Inside Story

Invisible women

The story of Elizabeth Macarthur, a driving force in early New South Wales, highlights gaps in the story of colonial Australia

Michelle Scott Tucker 8 April 2018 2150 words

No paragon: Elizabeth Macarthur as depicted by an unknown artist. State Library of New South Wales

Nations are built with pens and brushes not just hammers and nails. They exhibit their character in what they say about themselves as much as what is said about them.
— Bruce Pascoe, Convincing Ground


In 1788 a young gentlewoman raised in an English vicarage married a handsome, haughty and penniless army officer. In any Jane Austen novel, that would be the end of the story, but for the woman who would play an integral part in establishing Australia’s wool industry, it was just the beginning.

Elizabeth Macarthur landed at Sydney Cove in 1790 with her husband, John, and a sickly infant. She would never return to England. Instead, she and her husband painstakingly carved out a vast agricultural empire. John was eventually credited with founding the Australian wool industry, although it was the practical Elizabeth who ably managed their holdings for more than a dozen years while her volatile husband was overseas, in exile and disgrace. She was an Elizabeth Bennet who married a Wickham instead of a Darcy, and it was only thanks to her that John Macarthur would ever grace the face of Australia’s two-dollar note.

Elizabeth was an engaged participant in many of the important commercial and political events of her era, while also being the mother of nine children. She took immediate and practical action to ameliorate some of her husband’s wilder political gaffes — John was court-martialled for duelling with his superior officer and was instrumental in the Rum Rebellion overthrow of Governor Bligh. She was a friend to Matthew Flinders, and her family entertained a young Charles Darwin. Irish political prisoners plotted to burn down her house.

Elizabeth rode out alone to oversee her properties and dined in state with a succession of colonial governors, from Commodore Arthur Phillip in 1790 to Sir Charles FitzRoy in the 1840s. And she established the first merino stud book in Australia, paving the way for an industry that became crucial to an entire nation. She oversaw it all with humour, resignation and a sharp eye for her family’s financial future. The Devonshire farmer’s daughter, herself a canny farmer and astute business manager, was never simply a farmer’s wife.

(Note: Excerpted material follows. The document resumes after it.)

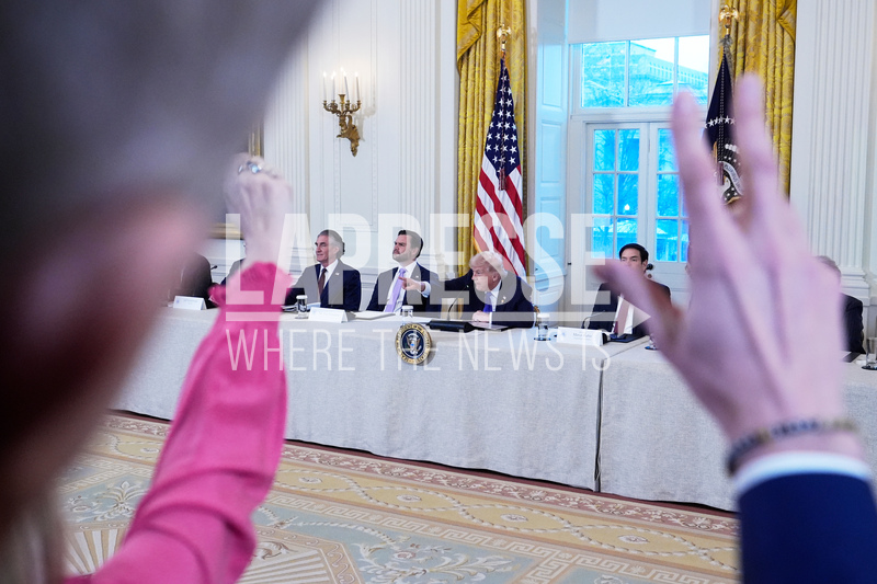 Presidente Trump parla durante un incontro con i dirigenti del settore petrolifero nella Sala Est della Casa Bianca.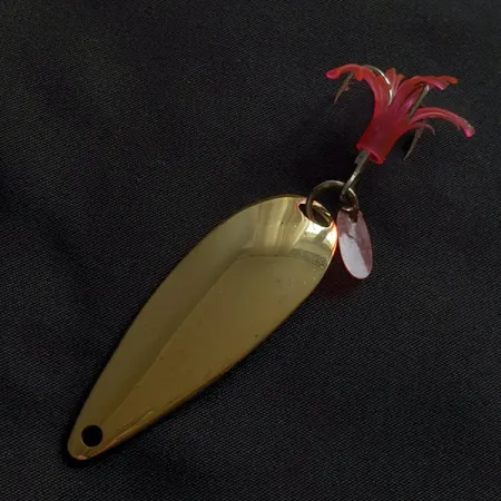 Auksuota danga suteikia ryškų blyksnį 2 1/4 colio (6 cm) lašo formos šios vintažinės vartiklės korpusui. 1/3 uncijos (10 g) svorio vartiklė, skirta tolimiems metimams, pasižymi solidžiu svoriu savo dydžiui, kas būdinga XX a. vidurio JAV gamintojo „Johnson“ produkcijai. Šis konkretus Johnson Sprite modelis (prekės kodas 22860) pasižymi unikalia komplektacija: trišakiu kabliu, papuoštu ryškiai rožiniu guminiu sijonėliu. Prie galinio žiedelio taip pat pritvirtinta maža raudona plastikinė viliojanti plokštelė, sukurianti papildomą akcentą auksiniam blizgiui. Masalo paviršius turi minimalių naudojimo žymių, tačiau išlaiko puikų atspindį, todėl jo būklė vertinama 4/5. Apatinėje pusėje esantis spaudas patvirtina kilmę bei modelį, tad tai yra puikiai išlaikyta žūklės istorijos dalis.

I was drawn to Elizabeth’s Macarthur’s story largely because I was surprised to discover that although women were essential to many early Australian farming enterprises, they seem to have been neatly excised from the national consciousness. It was not only the women who were rendered invisible, of course. The growth of nationalism in the late nineteenth century encouraged writers like Banjo Paterson and Henry Lawson to create a glorious, nostalgic pioneer past that never really existed yet, as historian John Hirst noted, exerted a significant influence on the writing of formal history. Their pen portraits, and the histories that followed, eschewed the embarrassment of the nation’s convict origins (often skipping from First Fleet to the gold rush within the space of a few paragraphs) and completely overlooked the horrors inflicted on Aboriginal people.

John and Elizabeth believed the land was there for the taking. They had no sense of their own ignorance of Aboriginal law, land management and custom. Indeed, Elizabeth’s attitude towards Aboriginal people seemed to harden over time. Like many others in the colony, she moved away from a conciliatory view, which in the earliest days had seen her dining with Aboriginal friends and welcoming their visits. Once there were substantial sums of money to be gained or lost, once white people known to her personally had been killed, Elizabeth could only see the original inhabitants as a threat.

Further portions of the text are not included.